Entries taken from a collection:
- - -

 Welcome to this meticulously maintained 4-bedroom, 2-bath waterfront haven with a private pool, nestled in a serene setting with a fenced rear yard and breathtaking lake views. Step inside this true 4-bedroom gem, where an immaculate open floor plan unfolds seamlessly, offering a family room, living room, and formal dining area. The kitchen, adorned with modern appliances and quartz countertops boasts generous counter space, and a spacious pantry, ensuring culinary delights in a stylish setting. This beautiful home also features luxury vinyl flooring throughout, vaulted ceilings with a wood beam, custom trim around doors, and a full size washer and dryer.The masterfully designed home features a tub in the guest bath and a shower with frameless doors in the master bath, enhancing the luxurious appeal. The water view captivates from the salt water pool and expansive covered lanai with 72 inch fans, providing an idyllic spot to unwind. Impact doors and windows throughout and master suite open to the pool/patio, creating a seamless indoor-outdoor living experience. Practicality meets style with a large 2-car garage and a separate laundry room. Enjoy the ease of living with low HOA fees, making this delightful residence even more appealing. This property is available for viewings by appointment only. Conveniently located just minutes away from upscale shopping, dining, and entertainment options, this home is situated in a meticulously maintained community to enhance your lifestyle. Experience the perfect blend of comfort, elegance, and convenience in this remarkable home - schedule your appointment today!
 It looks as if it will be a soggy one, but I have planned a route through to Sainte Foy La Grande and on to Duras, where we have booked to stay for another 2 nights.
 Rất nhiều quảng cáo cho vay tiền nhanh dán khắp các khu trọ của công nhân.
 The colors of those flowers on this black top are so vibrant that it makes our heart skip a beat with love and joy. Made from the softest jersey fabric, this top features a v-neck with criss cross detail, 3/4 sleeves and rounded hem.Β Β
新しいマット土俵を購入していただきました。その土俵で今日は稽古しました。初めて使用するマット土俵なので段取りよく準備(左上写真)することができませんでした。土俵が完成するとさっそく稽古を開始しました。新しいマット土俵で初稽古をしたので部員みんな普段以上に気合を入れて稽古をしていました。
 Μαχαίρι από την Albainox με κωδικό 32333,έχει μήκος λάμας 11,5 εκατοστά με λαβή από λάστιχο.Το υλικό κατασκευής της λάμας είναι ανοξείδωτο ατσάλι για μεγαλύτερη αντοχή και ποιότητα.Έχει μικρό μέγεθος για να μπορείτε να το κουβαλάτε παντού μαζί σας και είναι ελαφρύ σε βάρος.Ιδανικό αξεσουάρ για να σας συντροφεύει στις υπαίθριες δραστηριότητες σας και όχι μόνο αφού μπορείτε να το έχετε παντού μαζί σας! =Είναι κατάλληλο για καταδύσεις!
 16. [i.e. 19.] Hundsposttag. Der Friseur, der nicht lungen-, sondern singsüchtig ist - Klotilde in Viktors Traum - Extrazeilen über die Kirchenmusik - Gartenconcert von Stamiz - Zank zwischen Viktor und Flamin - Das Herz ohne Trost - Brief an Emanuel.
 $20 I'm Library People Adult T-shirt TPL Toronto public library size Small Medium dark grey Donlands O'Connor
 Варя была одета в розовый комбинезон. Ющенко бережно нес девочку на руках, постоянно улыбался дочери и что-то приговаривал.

- - -

EXERCISE: An exact, complete copy of the lines above from the one with "It looks as" through the one with "Rất nhiều quảng" is the whole answer.

RESULT OF THIS TASK:
 It looks as if it will be a soggy one, but I have planned a route through to Sainte Foy La Grande and on to Duras, where we have booked to stay for another 2 nights.
 Rất nhiều quảng cáo cho vay tiền nhanh dán khắp các khu trọ của công nhân.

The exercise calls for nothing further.